Where was the rest of the committee’s insistence on getting answers to oversight questions then? And why has the intelligence community consistently refused to furnish them? Coats’s explanation seems improbable given the extraordinary capabilities and expertise of the agency, as Congressman Jim Jordan (R-OH) and others have argued. Far more likely is that the requested information has the potential to seriously undermine the NSA’s argument that Section 702 is not abused. That, in turn, could jeopardize the NSA’s ability to retain the extremely broad surveillance powers that it currently enjoys.


If that is indeed the mindset that is driving the intelligence community’s approach to oversight questions, then it is engaged in self-serving obscurantism. That is a problem at a time when current and former intelligence community officials are aggressively lobbying for the permanent reauthorization of Section 702. Americans have significant concerns about these programs, and privacy advocates are unable to get even the most basic estimate of how many Americans’ communications are swept up in the PRISM and Upstream programs that 702 authorizes.
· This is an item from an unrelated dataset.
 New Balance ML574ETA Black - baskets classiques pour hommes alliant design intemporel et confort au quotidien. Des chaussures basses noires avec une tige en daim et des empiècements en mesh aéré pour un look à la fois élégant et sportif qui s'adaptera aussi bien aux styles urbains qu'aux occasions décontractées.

The Intelligence Committee was forceful in asserting that it would pursue answers to its questions regarding Trump’s conduct vis-a-vis the FBI investigation. It should be equally forceful in demanding answers regarding the scope of Section 702 surveillance — answers that it needs in order to do its job properly and ensure that Americans’ Fourth Amendment rights are protected.


Chris Knox is a blog contributor for The Committee for Justice. He is a former Senate committee staff member and a graduate of Georgetown University's Master of Arts program in Democracy and Governance.